Paul Barsch, a marketer at Teradata, makes this point in a blog post
. He writes:
The truth is that some companies are having wild success reporting, analyzing, and predicting on terabytes and in some cases petabytes of Big Data. But for every eBay, Google, or Amazon or Razorfishthere are thousands of companies stumbling, bumbling and fumbling through the process of Big Data analytics with little to show for it.

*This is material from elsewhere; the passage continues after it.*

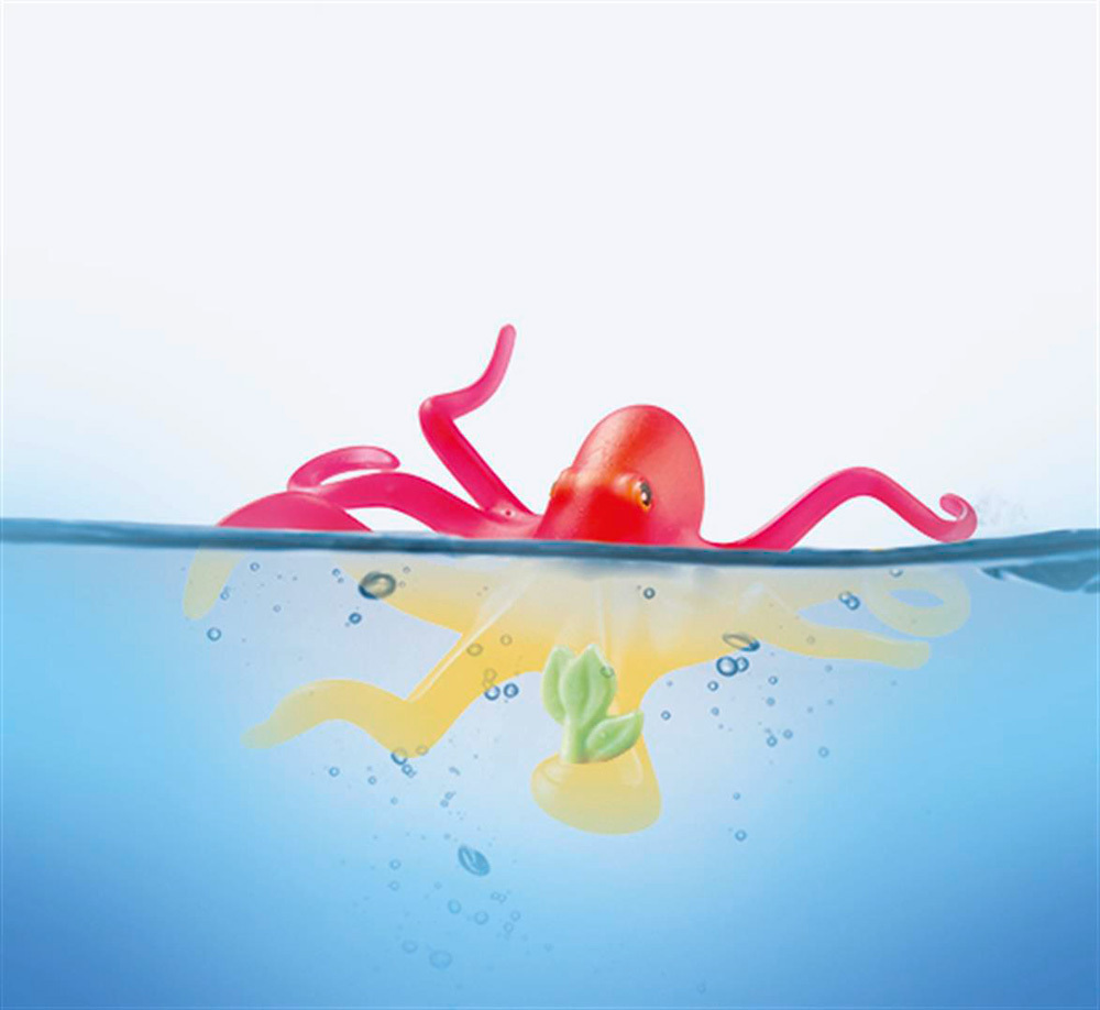 Η γοργόνα φροντίζει το χταπόδι και το ταΐζει με πεντανόστιμα φύλλα. Εάν τοποθετήσετε το χταπόδι μέσα σε ζεστό νερό, αλλάζει χρώμα. Με διακοσμητικό κοχύλι με βεντούζα.
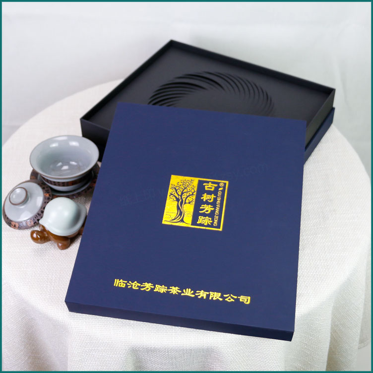 古树芳踪茶叶包装礼盒是一款天地盖盒,采用特种纸裱灰板的印刷材质,外盒烫黄金工艺,盒子内衬选用纸托,同款颜色不仅美观大方价格也很实惠。藏青色的特种纸在外盒做了烫黄金的工艺,简洁大方彰显品牌的高端。长沙包装盒厂毅丰为您介绍的这款印刷材质也适用于礼品包装、产品包装盒印刷、茶油包装盒等。

Sadly, success in Big Data doesn't lend itself, at least at this juncture, to statistical analysis. Customers and vendors keep their failures to themselves. And we usually only hear about them (as anecdotes) after someone gets fired. This leaves it to the successes (and the liars) to trumpet their greatness. The Big Data narrative is built on anecdotes.
Facebook's use of "dirty data"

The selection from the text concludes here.